Low-calorie sweetener 'linked with increased risk of leukemia' - study

The US manufacturer of Splenda has rebutted the study, stressing that extensive research has found sucralose to be safe for human consumption

A sugar-type substance in a spoon

An artificial sweetener promoted as a healthier alternative to sugar has been linked with an increased risk of leukemia in a new study.

Researchers at the Ramazzini Institute in Italy fed 457 male mice and 396 female mice various quantities of sucralose, and recorded a significantly increased incidence of cancers including leukemia in male mice.

"These findings do not support previous data that sucralose is biologically inert," says the study, published in the International Journal of Occupational and Environmental Health. "More studies are necessary to show the safety of sucralose, including new and more adequate carcinogenic bioassay on rats. Considering that millions of people are likely exposed, follow-up studies are urgent."

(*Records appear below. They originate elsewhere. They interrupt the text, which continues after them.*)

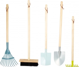 Holzstiele und Arbeitsköpfe aus Metall halten dem täglichen Einsatz im Garten, Sandkasten und Hof stand.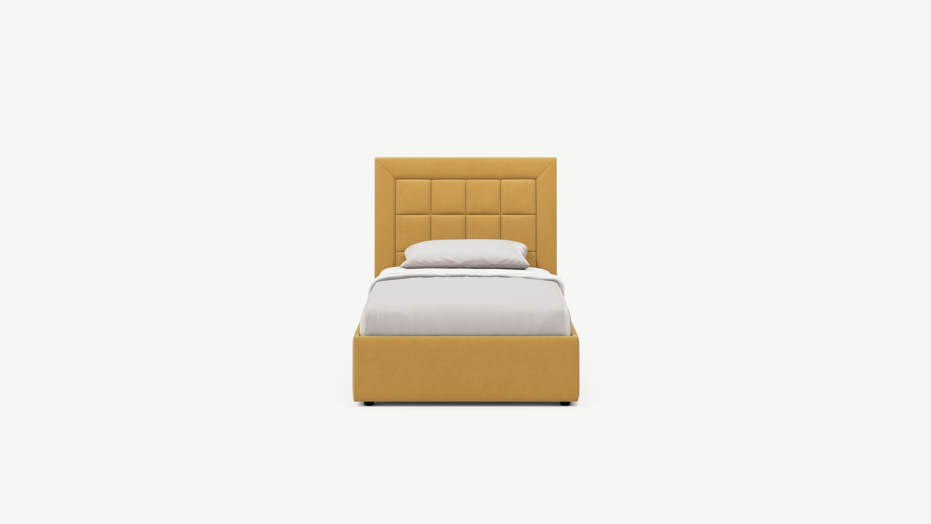 Изголовье декорировано рельефным рисунком стежки в крупный квадрат, получившим особую фактуру за счет глубины шва.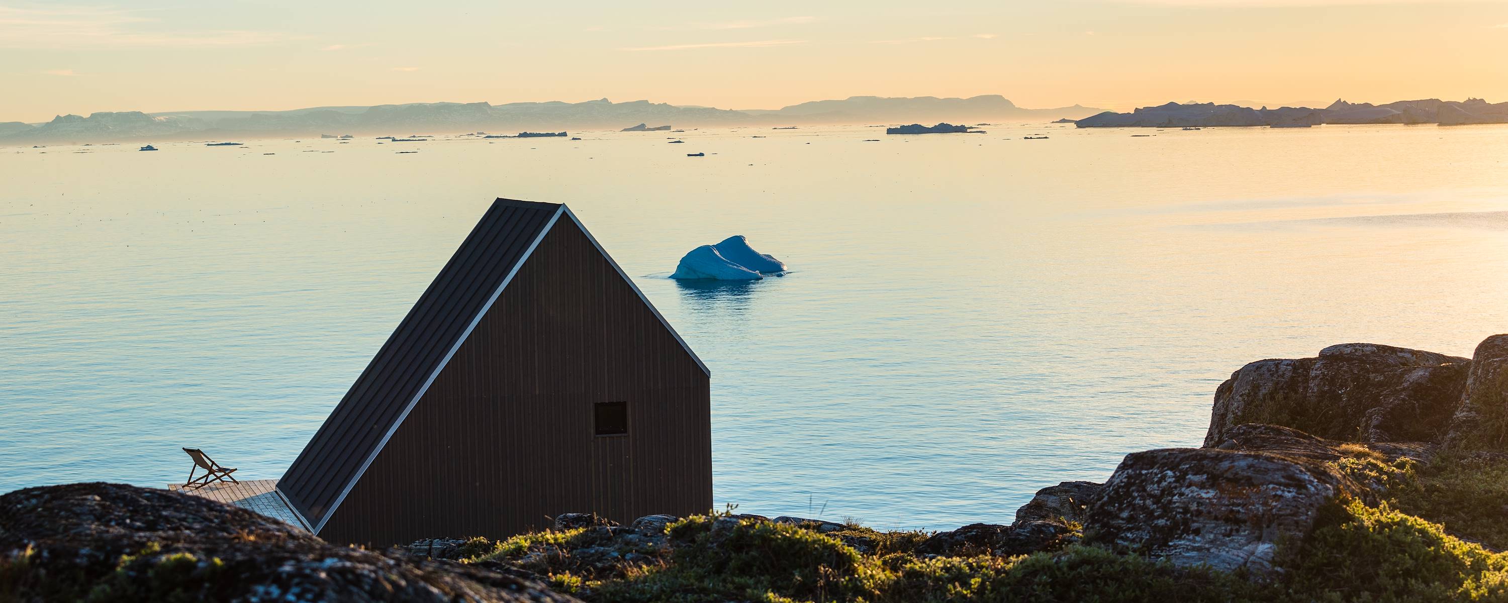 Notre suggestion, en fin de journée - Siroter un cocktail composé de gin groenlandais et d'herbes arctiques sur la terrasse avec vue sur la baie de Disko. Définitivement l'un des lieux les plus marquants au monde.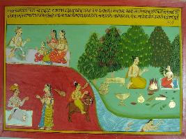 | Description / विवरण | Miniature painting based on Mahabharat - Ashwamegh parva depicting with his queen and daughter, a man is depicted with his wife, Agni is depicted on goat and a Brahman is depicted doing yagna with a woman in a forest and a man is swimming in a river. |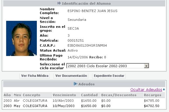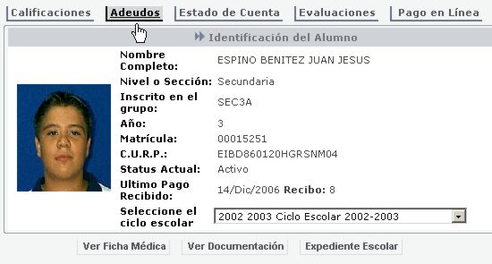 Para consultar los Adeudos de un alumno haga "clic" en la pestaña [Adeudos] desde la ventan de información de un alumno.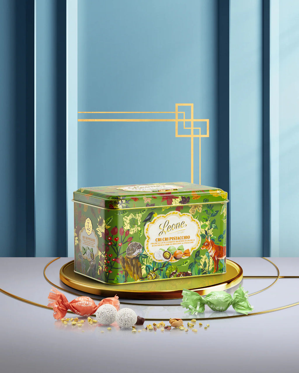 Un elegante scrigno colmo di deliziosi Cri Cri al pistacchio, un connubio di croccantezza unico a cui è impossibile resistere.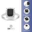 Gemminded 925 Sterling silver 8x6 MM Emerald Cut Black Onyx Ring with White Topaz Accent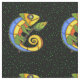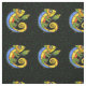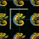 Esta tela personalizado del patio tiene una imagen repetida de un lagarto abstracto brillante en verde, amarillo, naranja y azul con grandes ojos redondos sosteniendo una rama con una hoja sobre un fondo negro con puntos de polka verde.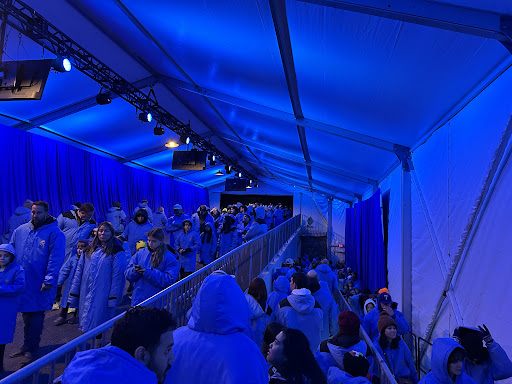 People funneled through a line to get a blue parka that had been worn by thousands of others. We skipped this because Iâm not into lice or communial diseases and no one said anything about us wearing orange and red in a sea of blue.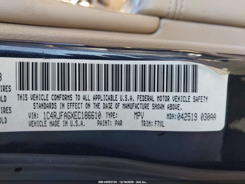 2014 JEEP GRAND CHEROKEE - 1C4RJFAGXEC186610, колір - Синій, 3.6, Бензин, Повний привід із США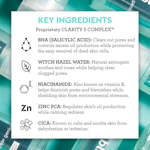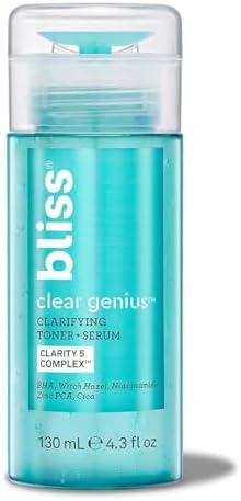 Bliss Clear Genius Clarifying Toner + Serum - 4.3 Fl Oz - Purifies Pores, Tones, Calms & Clears Skin - Salicylic Acid, Niacinamide & Witch Hazel - Clean Paraben Free - Vegan & Cruelty-Free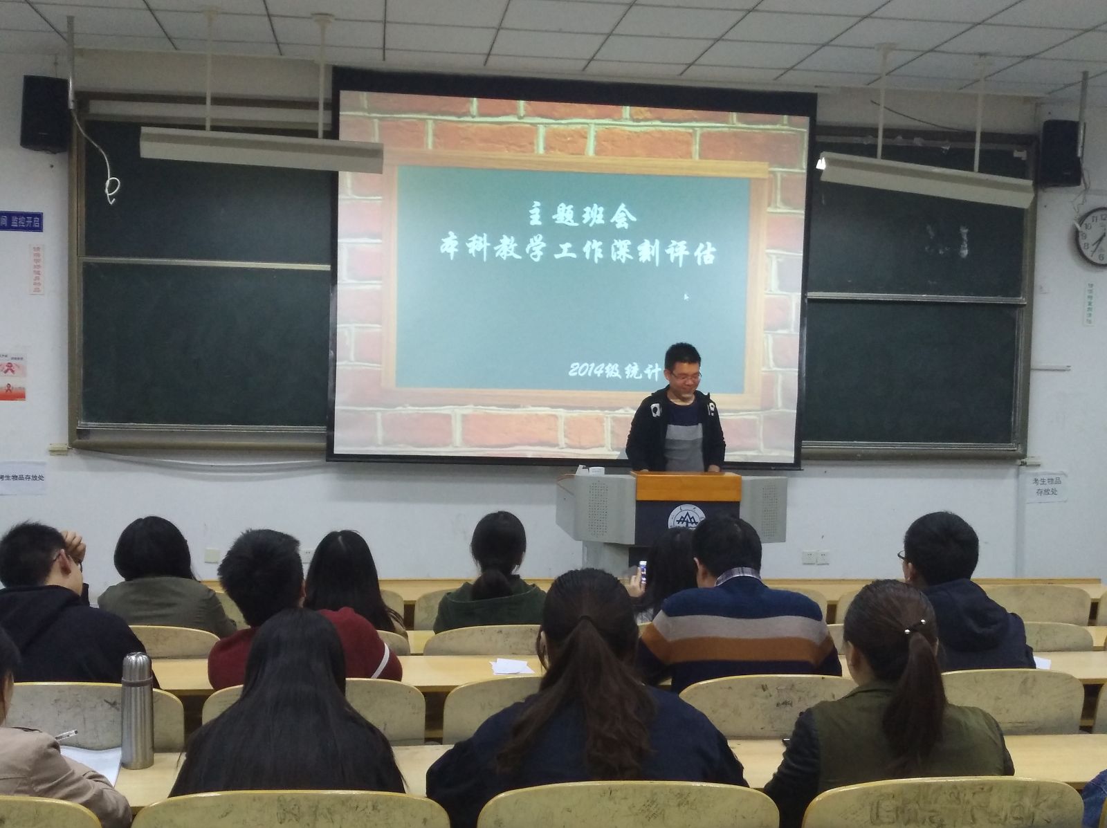 本站讯 10月16日晚19点,万象城娱乐awc线路2014级统计一班于图西教学楼219室举办了学习本科教学工作审核评估应知应会50问主题班会。本次会议由陈田同学主持,2014级统计一班共45人参加。

Sucralose, found in popular sweetener Splenda, was discovered in 1976 by scientists from sugar company Tate & Lyle working in collaboration with University of London researchers.

Splenda

It was approved for human consumption in the UK and Europe in 2002, after the EU's Scientific Committee on Food declared that it is "not harmful to the immune system, does not cause cancer, infertility, pose a risk to pregnancy or affect blood sugar levels".

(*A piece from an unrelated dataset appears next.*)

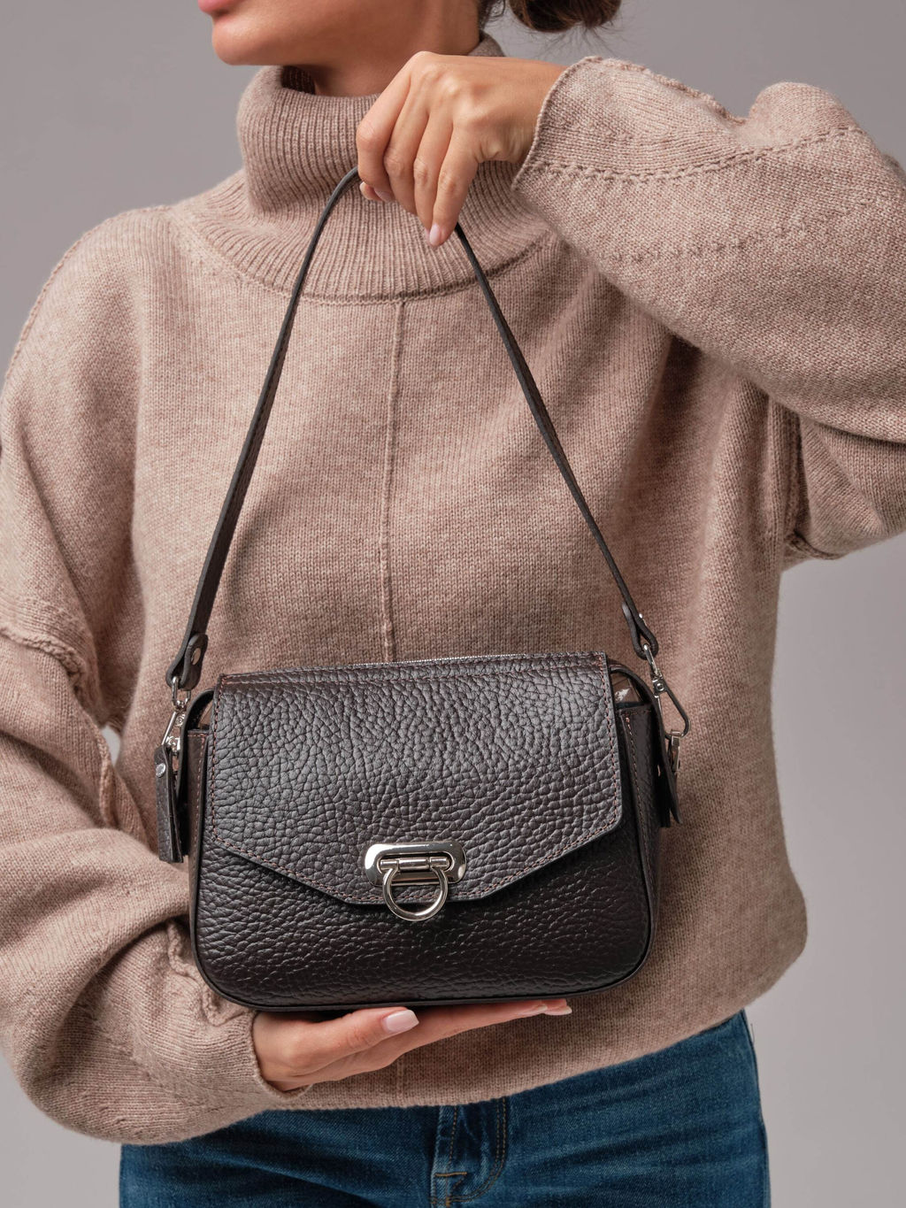 Кожаная женская сумка Azaro 3684 темно-коричневый соло - стильная и современная модель, выполненная из плотной, фактурной натуральной кожи с выразительным зернением. Материал выглядит дорого, отлично держит форму и устойчив к носке. Форма сумки лаконичная и аккуратная, что делает её универсальной для любых образов - от повседневного до более элегантного. Темно-коричневый цвет всегда актуален: он подчеркивает фактуру кожи и легко сочетается с любой одеждой. Металлическая фурнитура в холодном серебристом оттенке придает модели современный характер. Стильная застежка одновременно выполняет декоративную и функциональную роль. Женская сумка Azaro 3684 темно-коричневый соло продается в комплекте с 2 ремнями - удобным коротким для ношения в руке или на плече, а также длинным, который позволяет носить ее через плечо как кросс-боди. Это делает модель практичной и адаптируемой под разные ситуации. Это стильная, продуманная и универсальная сумка, которая станет стильным акцентом и легко завершит любой образ. -- Характеристики -- Тип товара: Женские сумки Цвет: темно-коричневый соло Материал: Натуральная кожа Бренд: Azaro Тип: Сумка на плечо, Сумка через плечо Страна-изготовитель: Россия Высота, см: 18 Ширина, см: 22 Глубина, см: 9 Материал подкладки: Хлопок Количество внутренних отделений: 1 Количество внешних карманов, шт: 2 Тип застежки: Молния, Зажим Формат А4: не вмещает Высота ручек, см: 23 Длина плечевого ремня, см: 116 Вес товара, г: 570 Ручки: На плечо, На локоть, Плечевой ремень Пол: женская коллекция Группа товара: Сумки Выгружать товары на сайт: Да

Heartlands Food Products, the US manufacturer of Splenda, rebutted the study in a statement saying that "health regulatory and food safety authorities have found other studies conducted by the Ramazzini Institute to be unreliable. The group routinely conducts studies using an unconventional design and has been criticized for not following internationally-recognized safety assessment standards.

"The truth is that the collective scientific evidence strongly supports that sucralose is safe and does not cause cancer. Sucralose has been extensively researched, with more than 110 studies conducted over a 20-year period. These studies include rigorous testing to specifically identify any potential for causing cancer. Worldwide regulatory authorities, including the U.S. Food and Drug Administration, the European Food Safety Authority, Health Canada and the World Health Organization, have reviewed these studies and confirm that results show no link between sucralose and cancer. The U.S. National Cancer Institute also supports this conclusion."

Writing about the Ramazzini Institute in 2012, Forbes' Trevor Butterworth noted: "No matter what substance the Institute tests for cancer, the results always seem to be positive, whereas other laboratories testing the same substances repeatedly fail to come up with the same findings."

"Take aspartame, which the Ramazzini Institute declared carcinogenic in a study it conducted in 2005 and multiple studies thereafter. The European Union’s Food Safety Authority commissioned a panel of experts to examine this study as a matter of high priority, given its alarming findings; its conclusions, however, were devastating. It appeared that many of the rats were sick with chronic lung respiratory disease, which just so happens to cause the same kinds of cancer that Ramazzini attributed to aspartame."